The corporation is confident that more investors will recognise the benefits of the green energy hub and set up shop in the province.

Mxenge-Mayende lists the energy hub’s milestones as the establishment of a biomass pellet manufacturing plant at Coega.

There is also the pilot 1,8MW wind turbine owned by Electrawinds, which powered the Nelson Mandela Bay Stadium during the 2010 Soccer World Cup, and it is still providing green electricity to the metro for free.

 

Natural gas is another area to which the Coega IDZ is attracting investment. The proposed combined cycle gas turbine (CCGT) plant at Coega will be the first natural gas fired power station in SA.

It aims to become one of the solutions to the ongoing power shortage in the country, especially the Eastern Cape where it will also contribute to socioeconomic growth.

Natural gas as an energy resource has attracted much interest throughout Africa, especially on the east and west coasts.

Though natural gas usage has increased globally, the application of this resource in the SA electricity economy is small compared to other countries.

The development of clean, efficient electricity generation technologies is a key goal for both developed and developing countries.

CCGT, envisaged as a 6% source of new electricity, has the potential to help in balancing the national power grid by having power capacity in the south of the country.

The use of natural gas has been hampered by a variety of factors including inadequate gas reserves, the volatility of gas prices in the market and the fact that the gas price is linked to oil prices, she says.
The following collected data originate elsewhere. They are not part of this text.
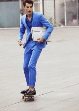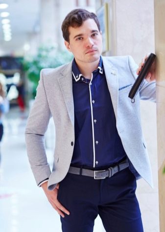 When choosing wardrobe items suitable for a blue shirt, it is worth considering the texture of the material from which it is made. So, models made of noble blue silk are recommended to be combined with classic clothes made of expensive materials (a suit or straight trousers made of fine wool, a jacket made of soft suede or velvet). It is important to note that accessories and footwear for such ensembles should be selected from the appropriate price category.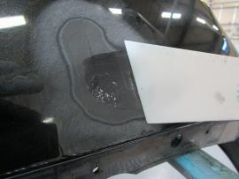 乾燥後、荒削りを行った後、バンパー専用のパテで表面を平滑に仕上げます。 |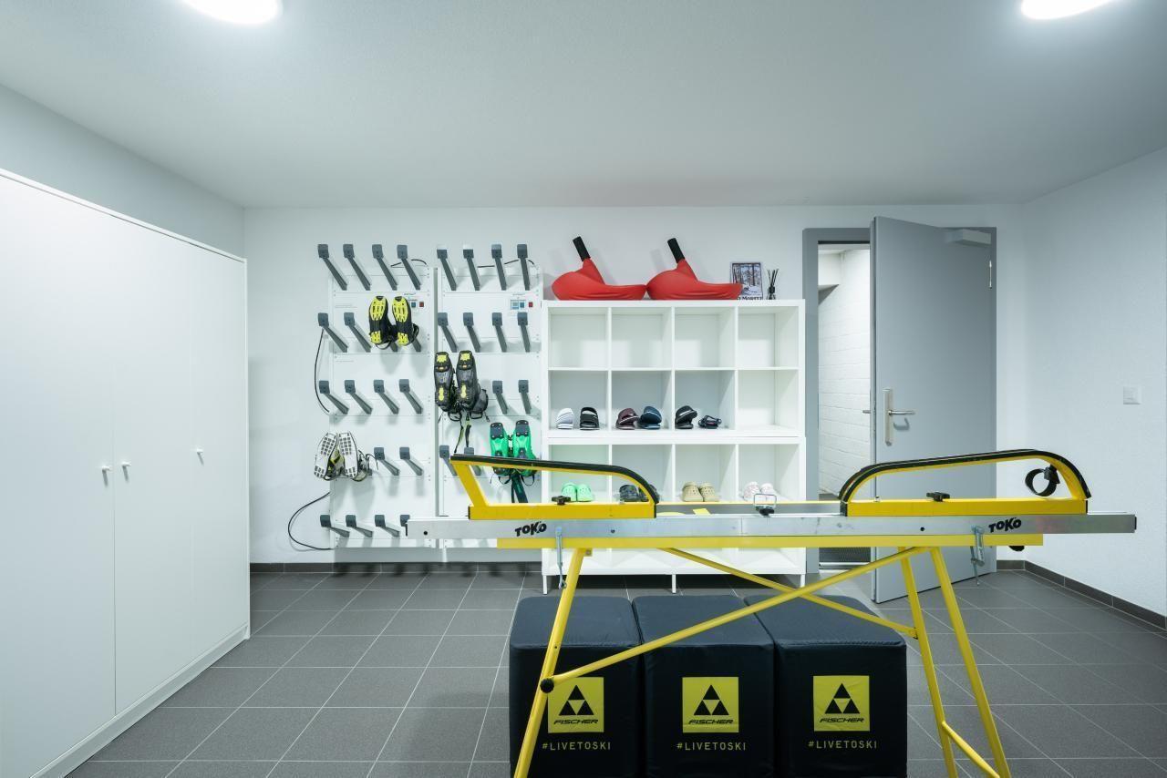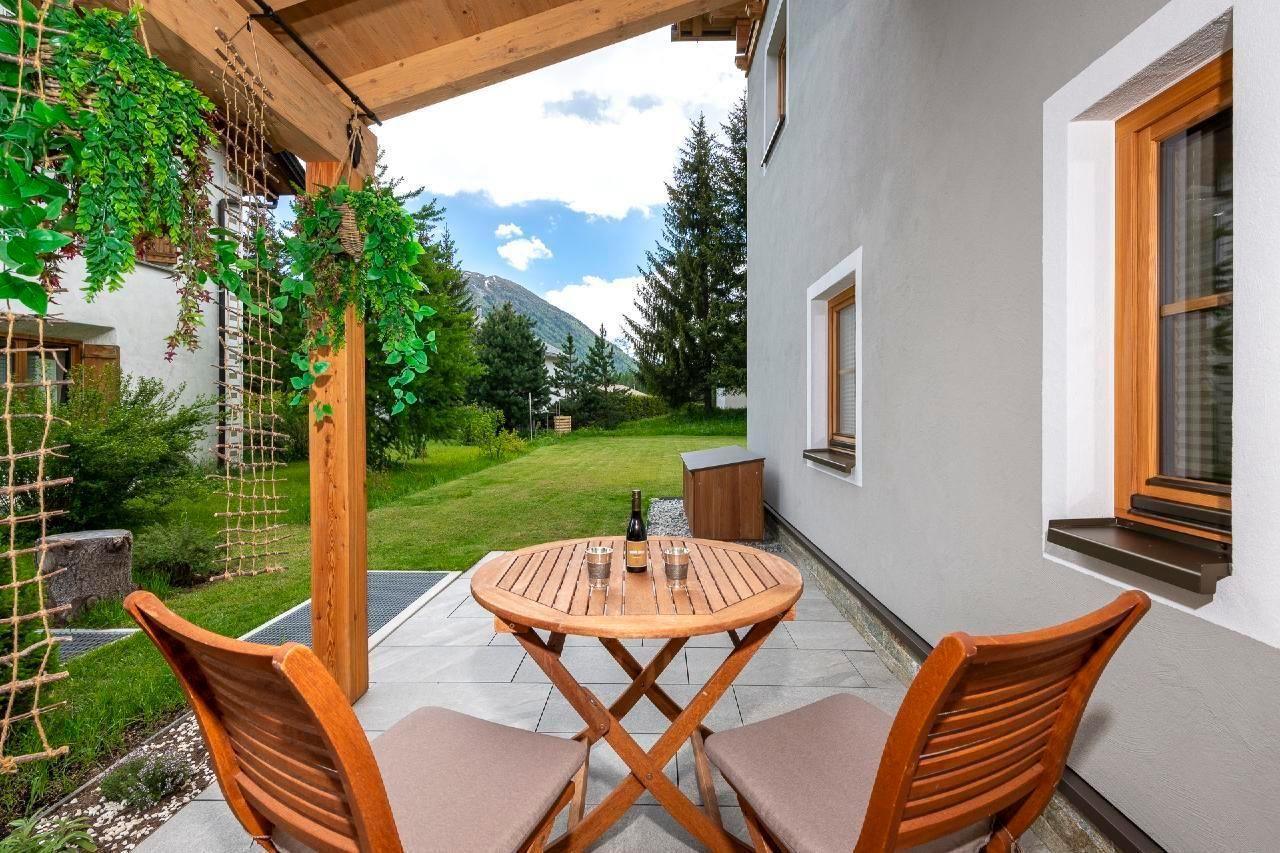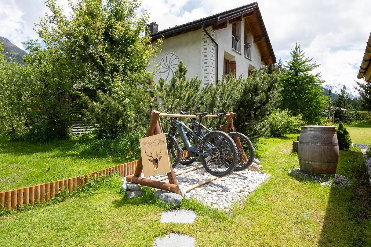 The outdoor area of the chalet blends harmoniously into the natural surroundings and offers direct access to cross-country ski trails in the winter months. Nestled in lush meadows and surrounded by rustic forests, you can enjoy the peace and beauty right on the edge of the village. The private terrace with garden furniture invites you to relax and offers an unrivalled view of the Bernina massif and the impressive mountains of the Engadine.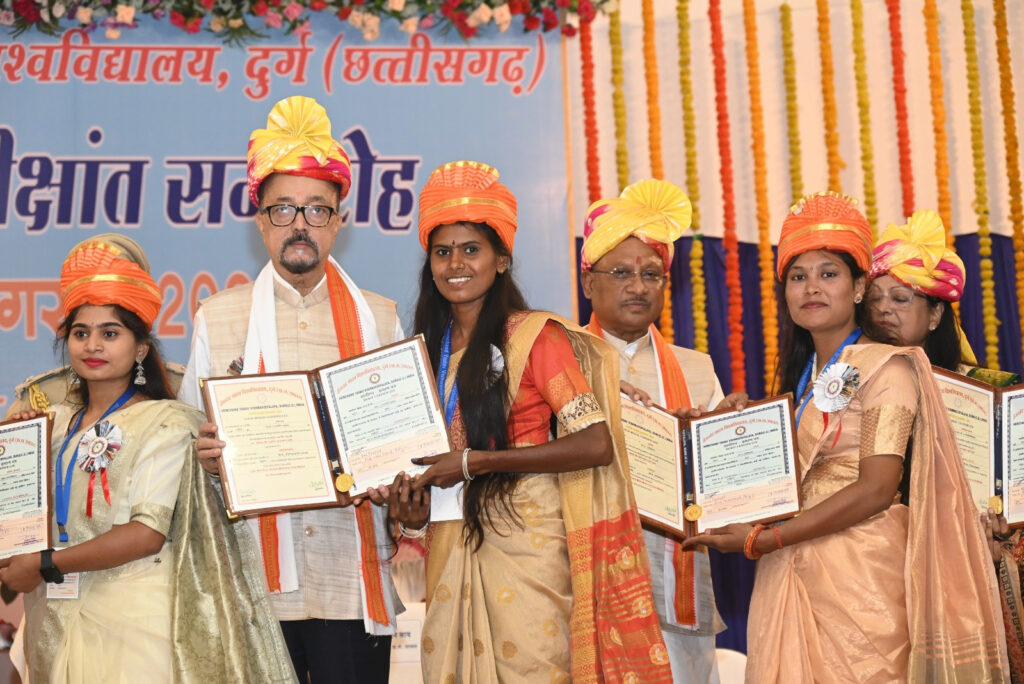 Chief Minister Vishnu Deo Sai, addressing the ceremony, announced the construction of a University Teaching Department (UTD) and an auditorium in the university’s under-construction building, responding to the Vice Chancellor’s request. He highlighted that the Chhattisgarh Government has implemented the National Education Policy 2020 across the state from the academic session 2024-25. He stated that NEP-2020 will allow students to choose subjects according to their interests and enable them to secure good jobs or establish their businesses based on their skills. He mentioned Prime Minister Shri Narendra Modi’s goal of a developed India by 2047, stating that Chhattisgarh is actively working towards contributing to this objective. He emphasised that everyone needs to contribute according to their capabilities for a developed India. Sai noted that the Chhattisgarh Government is striving to make significant progress in the fields of education, health, and environment, citing the establishment of PM SHRI schools as a prime example of these efforts.

But these are being addressed through various measures.

She lists the benefits of the project as ensuring the security of the electricity supply in the Eastern Cape, securing and attracting potential investors and creating employment opportunities.

Skills development — during construction more artisans will be trained and equipped with skills that can be utilised in other related industries — is another benefit for the region.

“Given that this will be the first CCGT plant in SA of such magnitude, it will put the Eastern Cape on the map and will expand the country’s capacity for such greenfield projects through technology transfer,” Ncemane says.

CDC marketing & communications manager Ayanda Vilakazi concurs that there is a solid business case for component manufacturing in SA for wind and solar technologies, triggered by renewble energy demand in the country.

He points out that there is a “huge market”, in particular, for solar PV and off-grid technologies.

He says the Coega IDZ is the “ideal manufacturing platform” for renewable energy components that — in addition to contributing to the battle against global warming — are revenue generating, in addition to creating jobs and advancing socioeconomic development and transformation.

In other manufacturing sectors, the Coega IDZ is also home to SA’s first environmentally-friendly dairy processing plant.

The newly established Coega Dairy’s ultra-high temperature (UHT) processing plant — with the smallest carbon footprint in the southern hemisphere — features a plant design that is significantly more efficient than conventional UHT milk processing solutions available in other SA plants.

According to Coega Dairy, Coega was chosen as a location for the new plant based on the excellent infrastructure available in the Coega IDZ as well as its prime location in the heart of the dairy’s supply region.

Coega’s commitment to not only contribute to the economic development of the Eastern Cape but also to its environmental preservation is evident in its emphasis on green issues and initiatives that are both economically empowering and sustainable.